TAKHAR (Pajhwok): Officials of the Swedish Committee for Afghanistan (SCA) say the committee has established local schools for uneducated children in rural areas in the northeastern zone of the country.
The committee says the schools have been operational in Baghlan, Kunduz, Takhar and Badakhshan provinces since 2005 to improve the skills of rural children.
Qudratullah Attayee, a spokesman for SCA in the northwest, said that the schools had been set up mostly in remote areas with impassable routes where government agencies could not provide quality education.
He said that 31,481 children received education in the local schools in the mentioned provinces.
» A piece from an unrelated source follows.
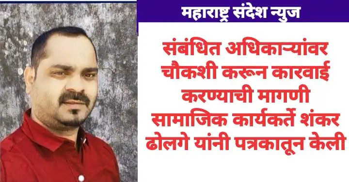 संबंधित अधिकाऱ्यांवर चौकशी करून कारवाई करण्याची मागणी सामाजिक कार्यकर्ते शंकर ढोलगे यांनी पत्रकातून केली

He added that SCA also helped 21,154 students get enrolled in public schools since the beginning of the program.
Attayee said that most of these students were children with disabilities, nomads and girls who had been deprived of going to school. Students learn for up to the sixth grade in these schools and then are introduced to public schools, he said.
The establishment of local schools by SCA in the northeastern zone has not only provided hope for children deprived of literacy, but has also provided employment opportunities for a number of educated people.
Atiqullah, a resident of Baghlan province, termed the establishment of local schools a positive development, saying that the villagers actually needed such a program so that their children could be educated in the future.
Simagul, a teacher in one of the local schools, says she has been a teacher for six years and receives a monthly salary of 8,000 afghanis, which helped her meet her family’s needs.
MusawerQaderi, an education expert in Takhar, told Pajhwok that SCA program for promoting education was a positive step and hoped the program would continue in the future.
Education officials in Baghlan, Kunduz, Takhar and Badakhshan provinces welcomed SCA programs in Afghanistan, particularly in education sector.
They consider the establishment of local classes by SCA as a positive step towards literacy of poor and rural children.